I have 165 vertices in ℤ11, all of which are at a distance of √8 from the origin and are extreme points on their corresponding convex hull. CGAL is able to calculate their d-dimensional triangulation in only 133 minutes on my laptop using just under a gigabyte of RAM.
Magma manages a similar 66 vertex case quite quickly, and, crucially for my application, it returns an actual polytope instead of a triangulation. Thus, I can view each d-dimensional face as a single object which can be bounded by an arbitrary number of vertices.

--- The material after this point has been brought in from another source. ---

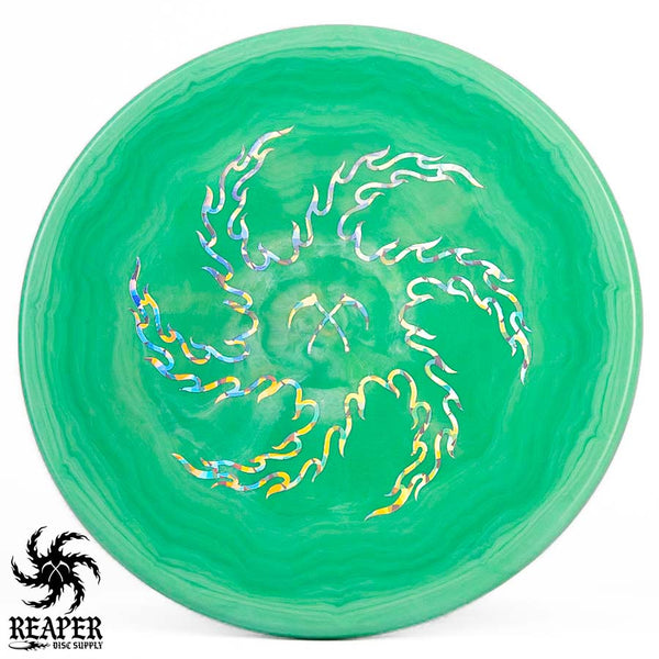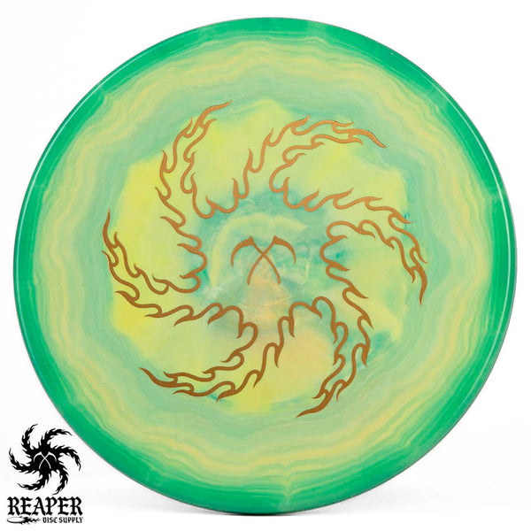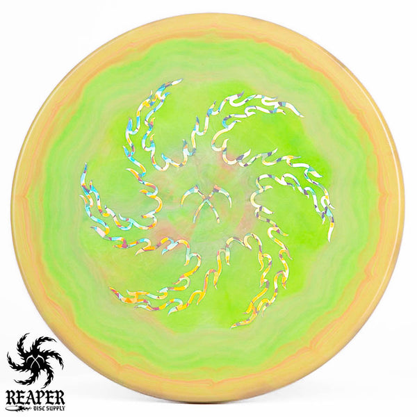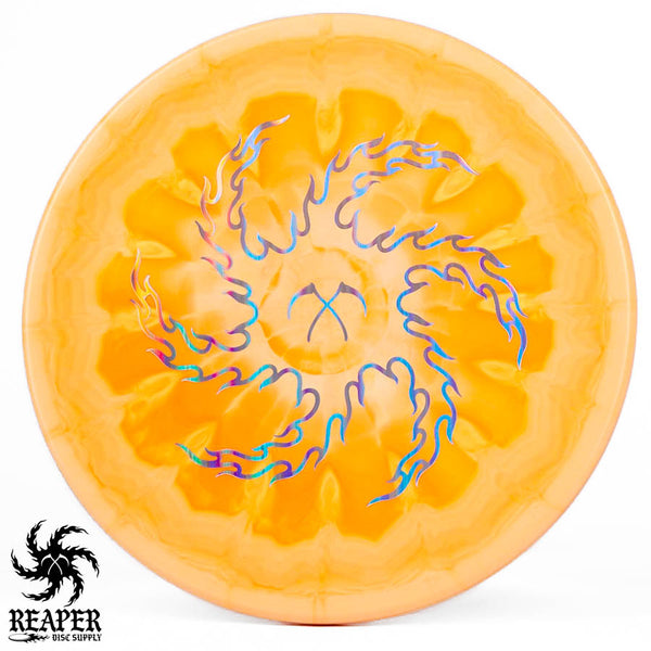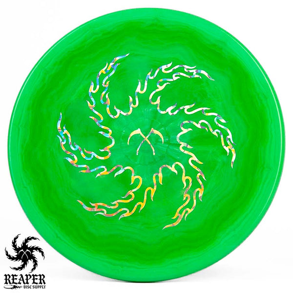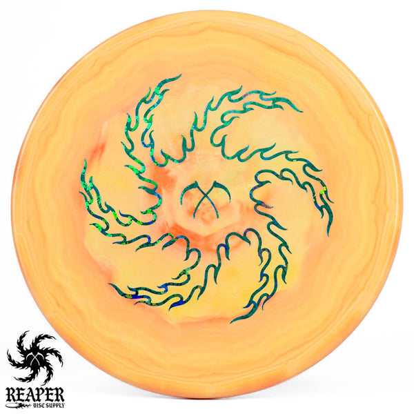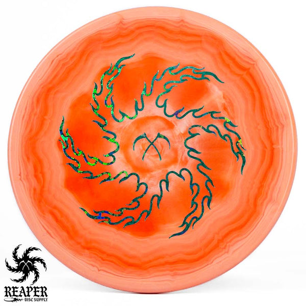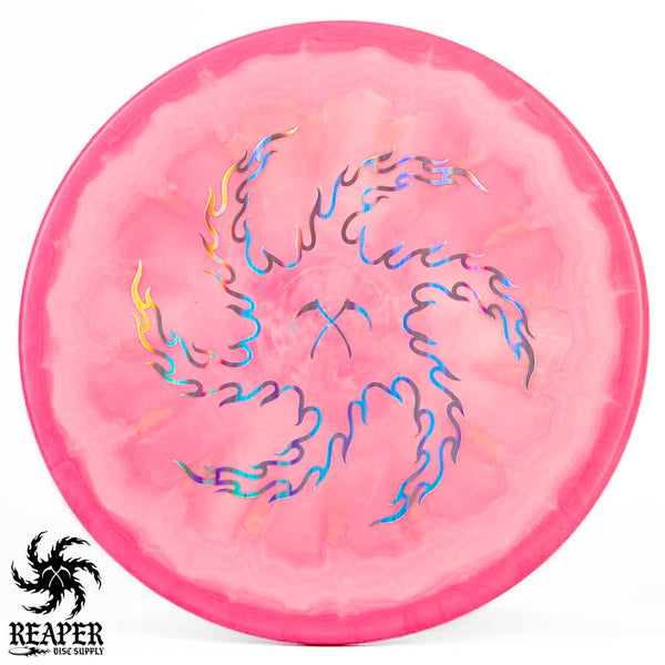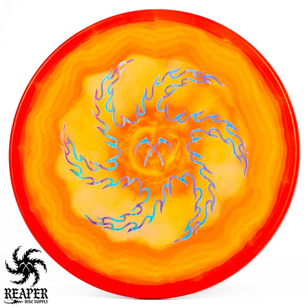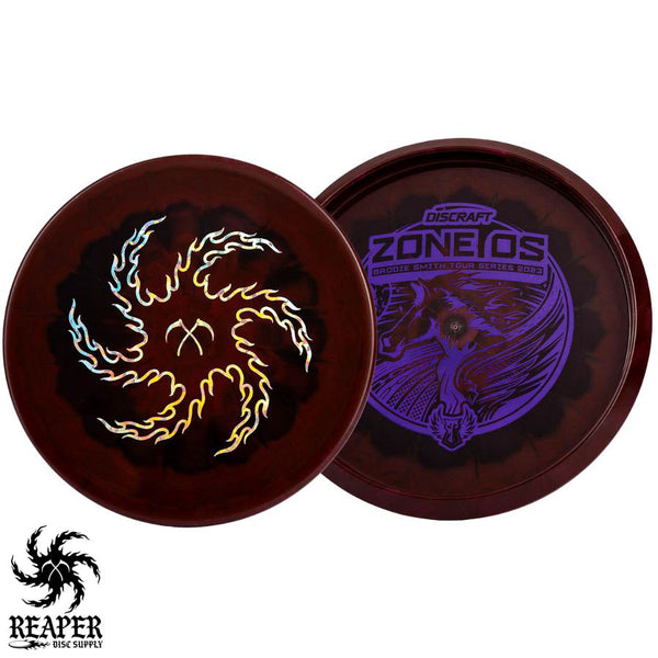 Turn up the beef with our Discraft Brodie Smith ESP Zone OS - Reaper Edition! This overstable beast boasts a double-sided stamp, featuring Brodie Smith's Tour Series on the bottom and our Reaper Edition 'flaming vortex' stamp on top.

Additionally, although less essential to my application, I can also use Graph : TorPol -> GrphUnd to calculate all the topological information regarding how those faces are connected, and then AutomorphismGroup : Grph -> GrpPerm, ... to find the corresponding automorphism group of that cell structure.

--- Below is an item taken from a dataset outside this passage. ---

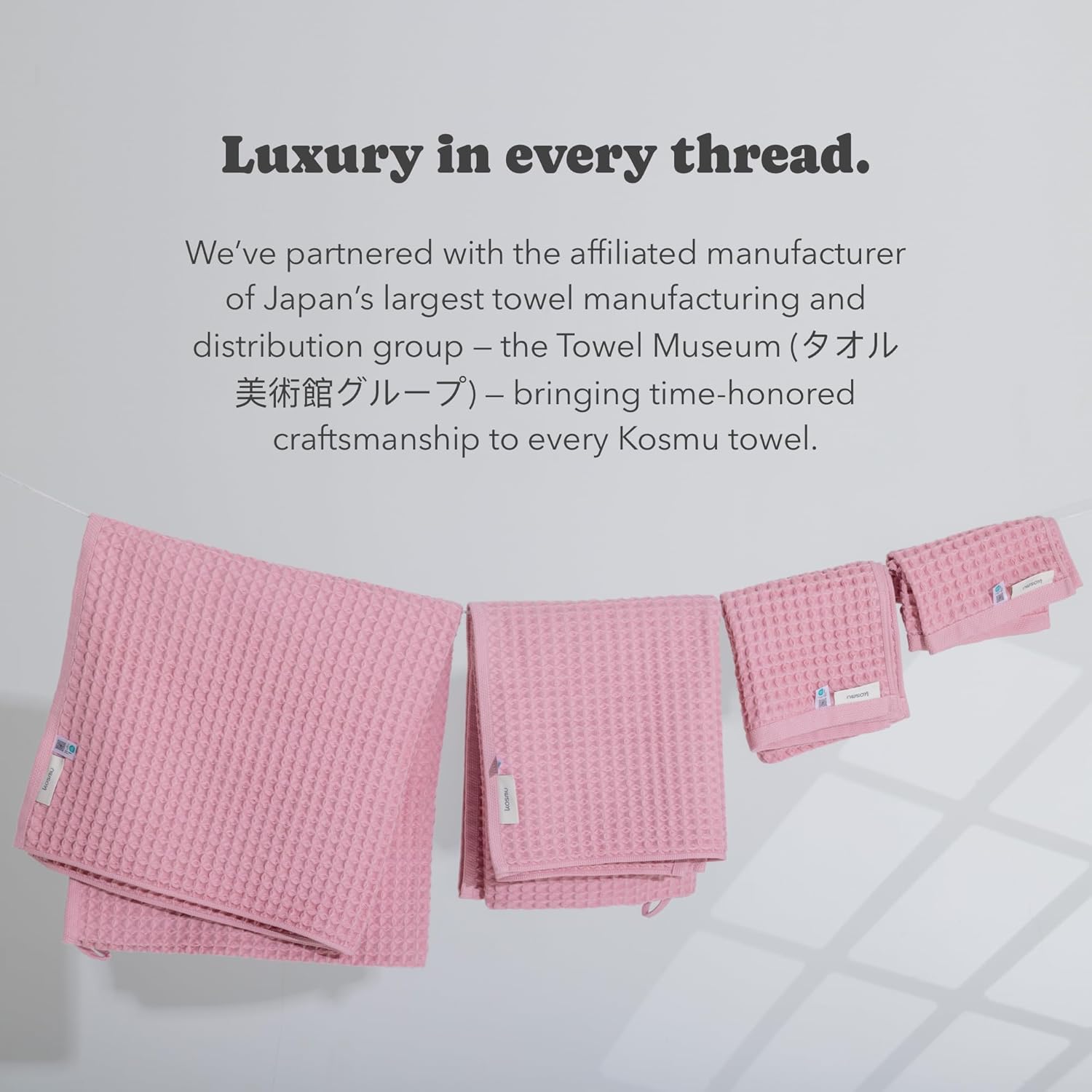 - Get bone dry every A.M.: While the waffle structure intrinsically maximizes surface exposure for airflow for guaranteed breathability, allowing the towel to dry itself out quickly, we have fundamentally improved the performance of Kosmu Towel with advanced science and technology.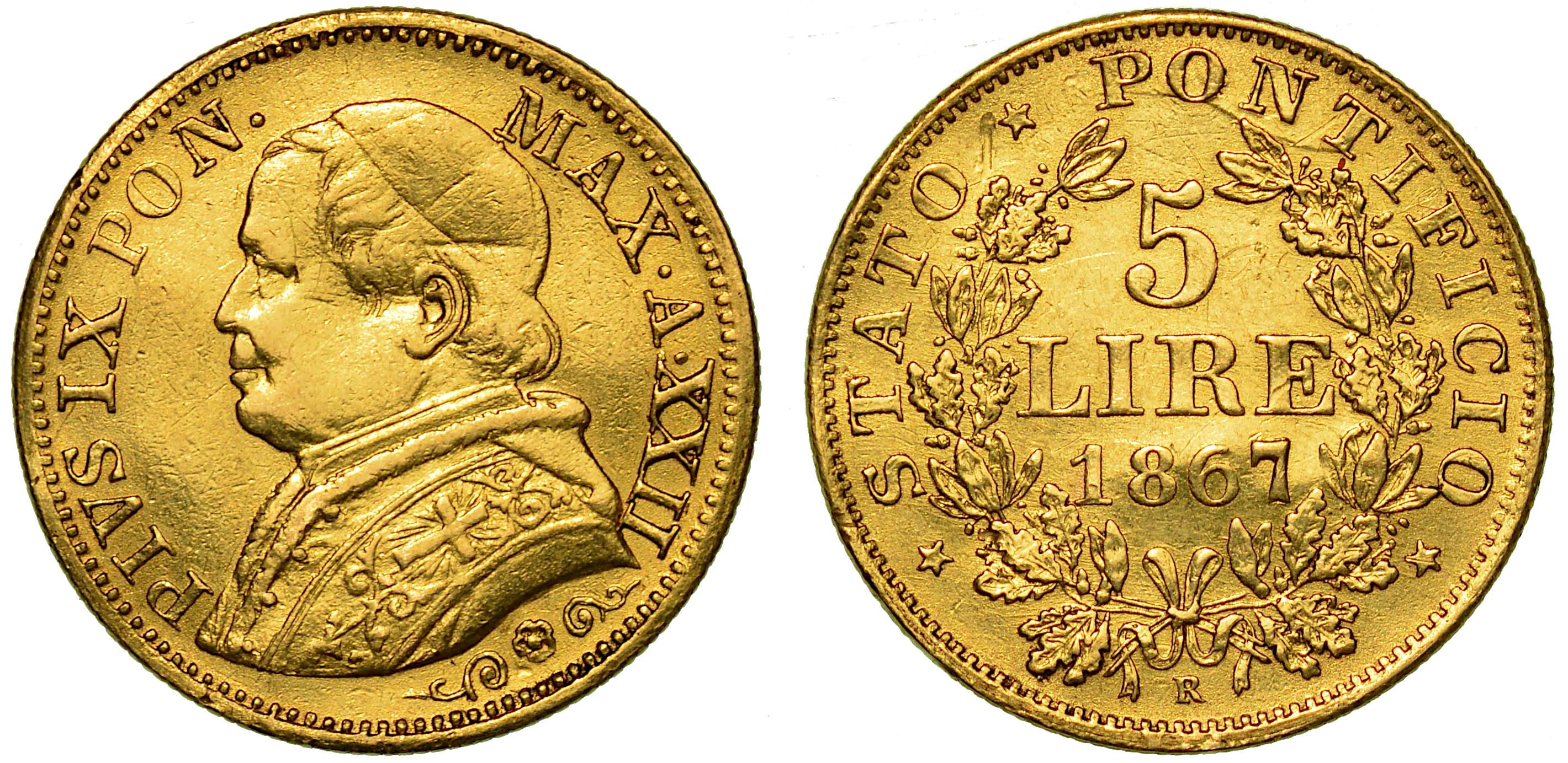 STATO PONTIFICIO. PIO IX, 1846-1878. 5 Lire 1867/A. XXII.

Unfortunately, when applied to the original polytope, Magma's AutomorphismGroup : TorPol -> GrpMat only returns subgroups of GLd(ℤ), instead of the full automorphism group G, which is what I'm truly hoping to calculate. As a matrix group, G ∉ GL11(ℤ), but is instead ∈ GL11(𝔸), where 𝔸 represents the algebraic numbers. In general, I won't need the full algebraic closure of the rationals, ℚ̅, but just some field extension. However, I could make use of any non-trivially powerful representation of G.
With two days of calculation, Magma can manage the 165 vertex case, but is only able to provide information about the polytope's original 165 vertices, 10-facets, and volume. However, attempting to enumerate the d-faces, for any 2 ≤ d < 10, quickly consumes the 256 GB of RAM I have at my disposal.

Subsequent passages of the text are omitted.